Приготовлениями к отплытию руководил тот самый бородач-финикиец, с которым мы столкнулись на причале несколькими часами раньше. В другое время это совпадение показалось бы забавным, но сейчас я был слишком взволнован, а потому только поинтересовался, куда направляется судно и не возьмёт ли его хозяин двух пассажиров.
— В Торик, — ответил бородач, переводя удивлённый взгляд с моей богатой одежды на лохмотья стоящего рядом мальчика. — Но корабль нагружен товаром, я не собираюсь никого брать… А господин платит греческим золотом? — добавил он, сверкая хитрыми глазами.
Я тоже улыбнулся, зная о внутреннем, глубоко укоренившемся презрении, которое финикийские мореходы издавна питали к грекам.
— Господин платит попутным ветром, — сказал я на том особенном, древнем наречии, которым на родных берегах дозволялось говорить только жрецам и представителям старинных родов финикийской знати.
Лицо хозяина судна тотчас стало серьёзным и почтительным.
— Прости, о подобный Солнцу потомок богов!
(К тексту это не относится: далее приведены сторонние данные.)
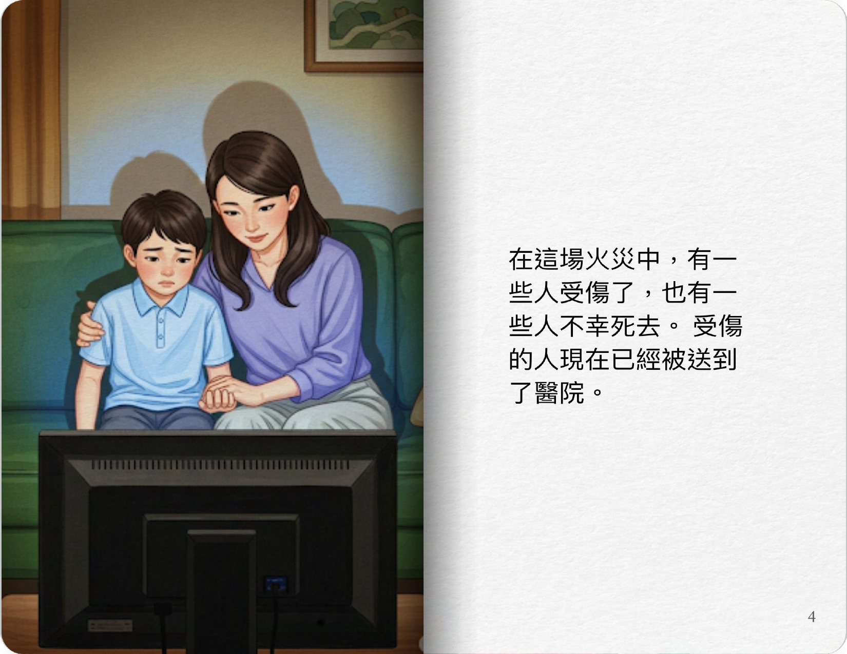 指南建議,家長首先需幫助孩子接納與確認情緒,給予耐心陪伴。同時,維持規律作息及過濾重複、驚悚的災難畫面,能有效鞏固孩子的安全感。指南亦指,家長可將焦點從「災難」轉移至「救援與互助」,多提及消防員、醫護等「幫手」的努力,以建立希望感。
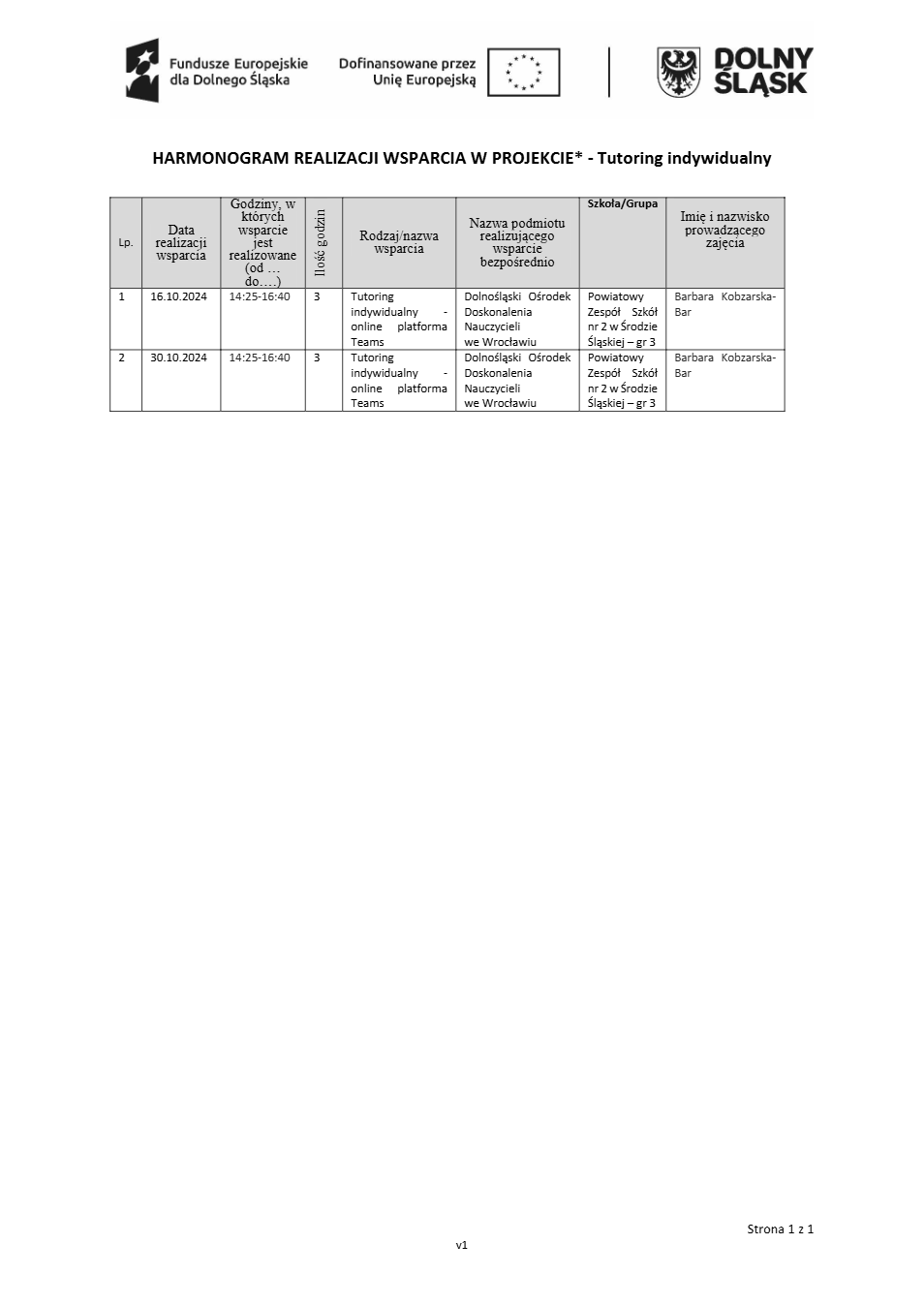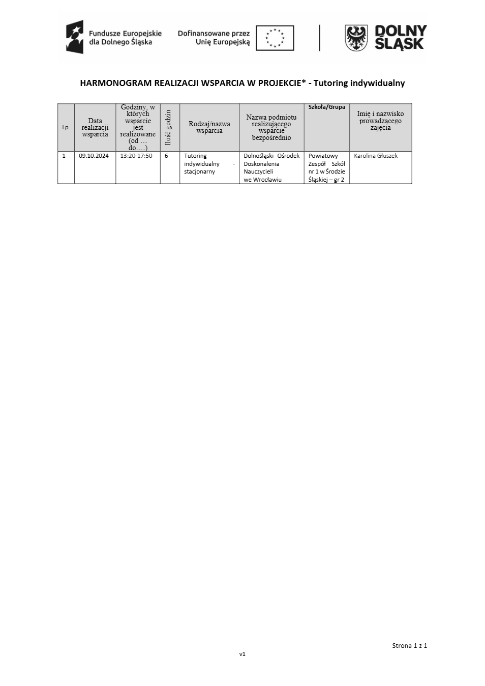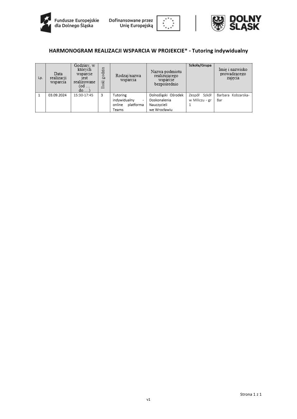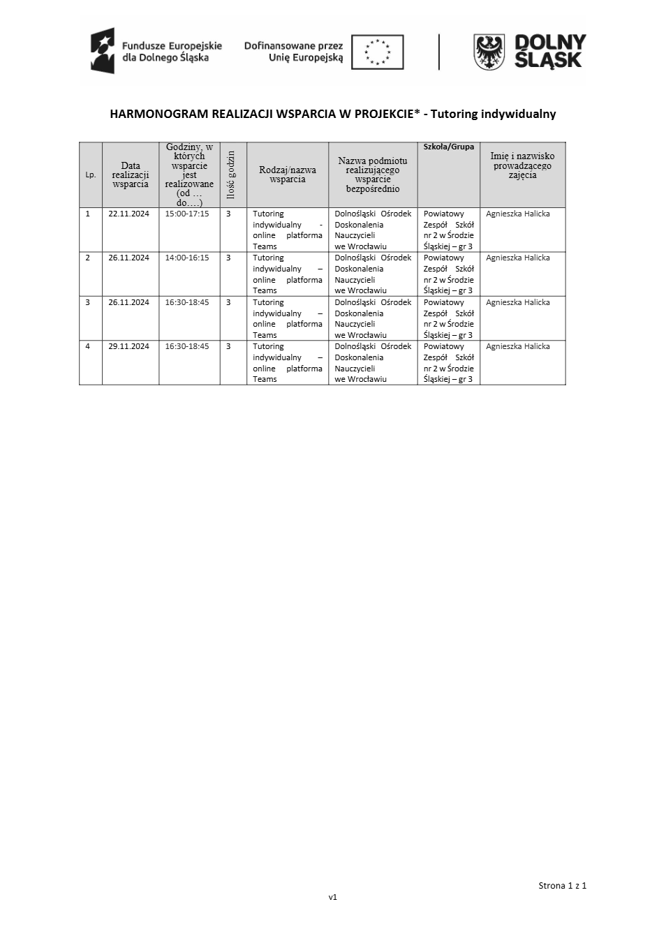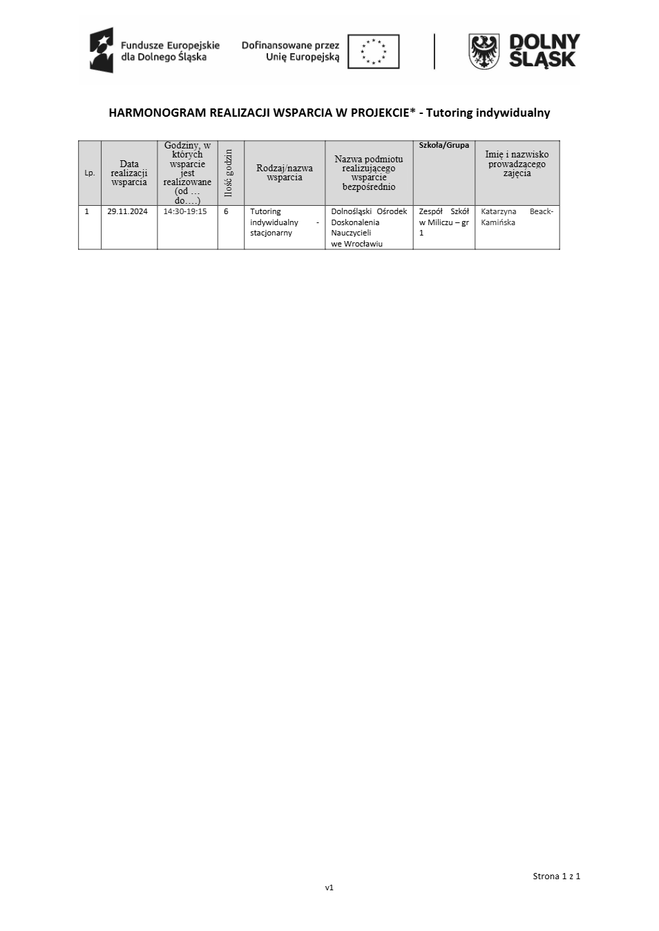Projekt „Inteligentni Zawodowcy” realizowany w ramach Priorytetu 8 „Fundusze Europejskie dla edukacji na Dolnym Śląsku”; Działania nr FEDS.08.01 „Dostęp do edukacji”, Programu Fundusze Europejskie dla Dolnego Śląska 2021-2027 współfinansowanego ze środków Europejskiego Funduszu Społecznego Plus.
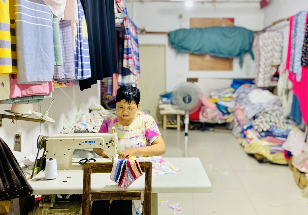 “老镇的变化,可以用翻天覆地来形容。”在蚕里街区对面的小街上,土生土长的沈斌英开了家服装加工店。
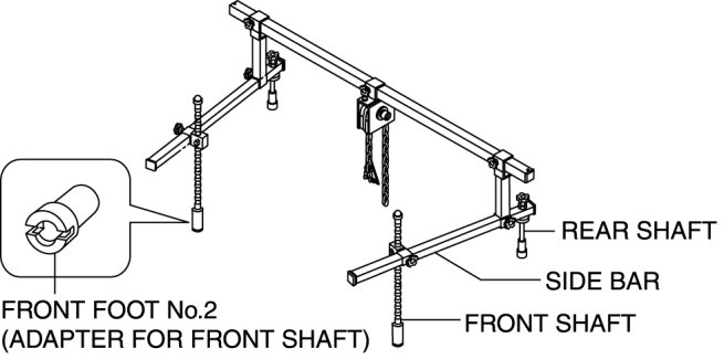 b. Install front foot No.2 to the left/right front shaft of the SST, then align the groove of the front shaft of the SST with the folded up part of the vehicle as shown in the figure.
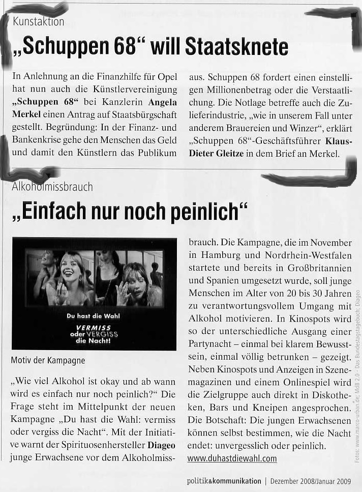 Politik & Kommunikation, Dezember 2008. Das Blatt aus Berlin für politische Entscheider*innen wurde natürlich auch auf den SCHUPPEN 68 aufmerksam. Das mit der Verstaatlichung während der Finanzkrise 2008 hat leider nicht geklappt.
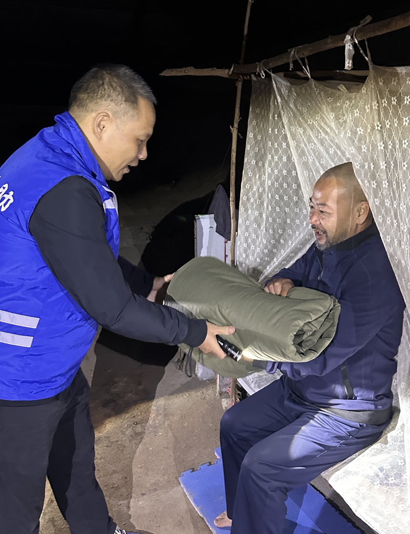 臨時(shí)遇困群眾收到御寒物資。 惠州日報(bào)記者黃桃 通訊員朱劍威 攝
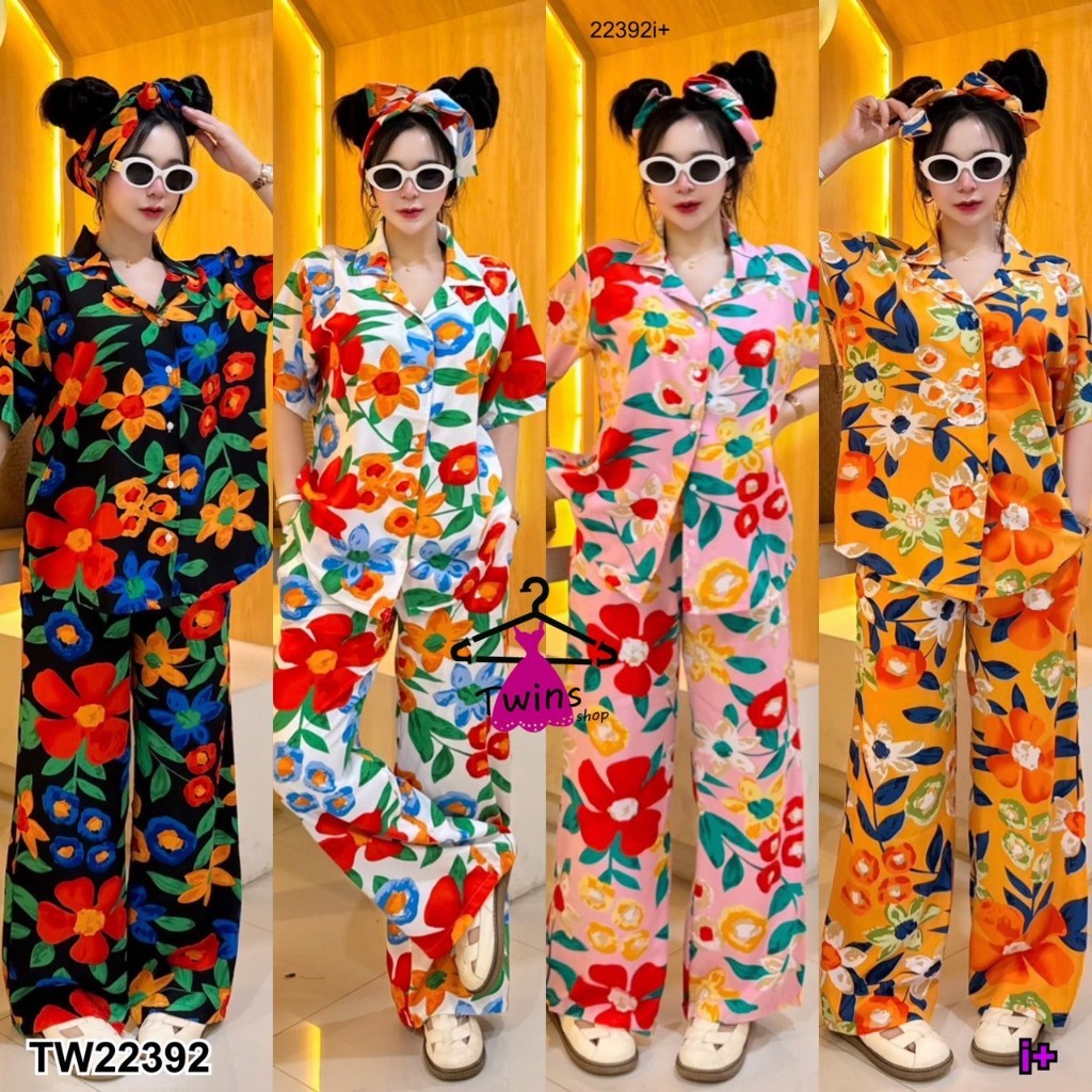 set 3 ชิ้น เสื้อปกฮาวาย ลายดอกไม้ + กางเกงขายาว กับสายโบว์ TW22392 TwinsShopVip💗พร้อมส่ง
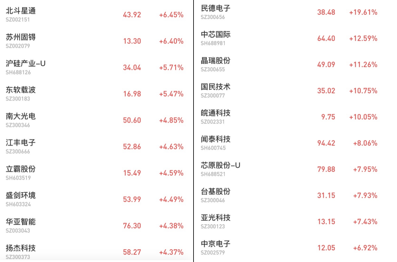 中芯国际拉动下,整个半导体板块今日一片飘红。受大势影响,芯片股集中的科创50指数今日收跌0.75%,但盘中一度大涨4.5%,创年内新高。其中,民德电子涨19.6%报38元;晶瑞股份、国民技术、皖通科技皆涨超10%;闻泰科技、芯原股份、台基股份、亚光科技涨超7%,长川科技等多只芯片股票价格创历史新高。
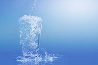 het gieten van water in een waterglas, fonkelend water koud en duidelijk tegen een blauwe achtergrond, zon abstract, verfrissende waterspatten en waterdalingen
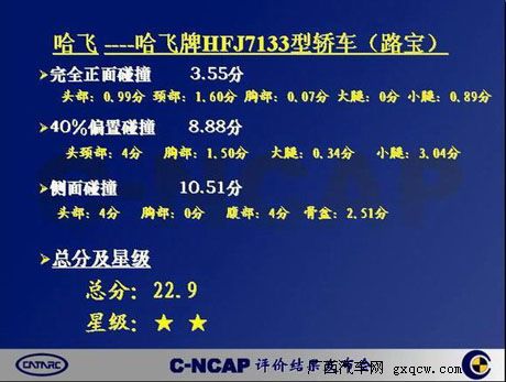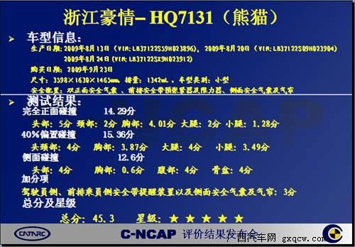 自主小車是不是就意味著不安全?低價(jià)是不是就意味著低質(zhì)?碰撞的結(jié)果中可以看到,有三款車型獲得了三星以上的碰撞成績(jī),這其中,長(zhǎng)城精靈、比亞迪F0分別獲得了三星的成績(jī),吉利熊貓獲得了五星的碰撞成績(jī)。由于個(gè)頭小、吸能空間有限等“先天劣勢(shì)”,在C-NCAP碰撞試驗(yàn)中成績(jī)大多并不理想,撞得三星已屬不易。尤其值得值得注意的是,在這六款車中,吉利熊貓以45.3分的成績(jī)成為首款獲得五星安全的A00級(jí)小車。國家轎車質(zhì)量監(jiān)督檢驗(yàn)中心在評(píng)價(jià)報(bào)告中指出,這標(biāo)志著自主品牌小型車被動(dòng)安全技術(shù)已經(jīng)與國際接軌。應(yīng)該說,對(duì)于在價(jià)格上處于低位的自主品牌小型車來說,這樣的碰撞成績(jī)是可以讓消費(fèi)者放心的。

Не признал земляка: твои светлые волосы и глаза… Нынче редкость встретить столь высокого вельможу, да ещё так запросто, в чужом порту!.. Так куда дует попутный ветер?
— В Феодосию, — ответил я и, поймав удивлённый взгляд морехода, добавил: — Не ходи в Торик, там неспокойно. А в Феодосии будет хорошая прибыль.
Мореход поклонился: у него не было оснований не верить мне. Сейчас, когда родное побережье находилось под влиянием ассирийцев, и представителей исконной финикийской знати почти не осталось, для этих простых людей я воплощал волю богов и древнюю мощь государства, потому мои слова были восприняты с тем священным уважением, с которым воспринимаются только пророчества Оракула. Впрочем, лгать у меня тоже не было оснований: Голос, подготовивший это путешествие, не только указывал направление пути, но и предупреждал о возможных неприятностях. Поэтому я без опасений ступил на борт торгового судна, будучи совершенно уверенным, что земляк-мореход сделает всё возможное, чтобы снискать себе расположение богов. Мальчик последовал за мной.
Он по-прежнему молчал, а у меня не было желания расспрашивать или даже разглядывать его. Я принял нежданного попутчика просто, как должное, не считая нужным задумываться, какие переплетения судьбы толкнули нас навстречу друг другу и как дальше следует поступить в сложившихся обстоятельствах. Сейчас меня гораздо больше занимало предстоящее в скором будущем пересечение разлома времени. Но, разумеется, говорить об этом было нельзя, поэтому я большую часть пути провёл, глядя на небо и море, то есть, созерцая собственные ощущения.
Однако хозяин торгового судна живо заинтересовался моим спутником. Несколько раз он подходил к мальчику, пытаясь заговорить с ним, но тот испуганно пятился, сжимался в комок и на все вопросы финикийца отвечал только отрицательным качанием головы. Просить помощи и защиты мальчик, по всей видимости, боялся; и всё же в моменты, когда я чувствовал на себе его тревожный взгляд, внутри поднималась тёплая волна неожиданной нежности. Было приятно сознавать, что это дикое существо так безгранично мне доверяет.
— Если господин пожелает продать своего раба, я дал бы хорошую цену, — Неслышно подошедший хозяин судна склонился передо мной в почтительном поклоне. — Мальчик удивительно хорош собой, и в любом греческом полисе…
Я вздрогнул, отвлекшись от успокаивающего плеска морских волн, и неторопливо перевёл взгляд с заросшего чёрной бородой лица финикийского морехода на хрупкую, скорчившуюся невдалеке у борта фигуру маленького оборванца. Несомненно, он прекрасно слышал и понимал наш разговор, но почти ничем не выказывал этого, только плечи иногда судорожно вздрагивали.
— А почему ты решил, что он мой раб? Свободный человек волен сам распоряжаться своей судьбой… и если он захочет…
Моё равнодушие немало удивило и озадачило финикийца, что сразу же отразилось на его подвижном лице. Нерешительно потоптавшись рядом ещё какое-то время, мореход, наконец, снова поклонился и отправился по своим делам. А я, подумав, подошёл к нежданному спутнику.
— Как тебя зовут?
Мальчик молчал и не двигался.
— Мне безразлично, кто ты и куда направляешься. Но пока мы вместе, надо же как-то называть тебя?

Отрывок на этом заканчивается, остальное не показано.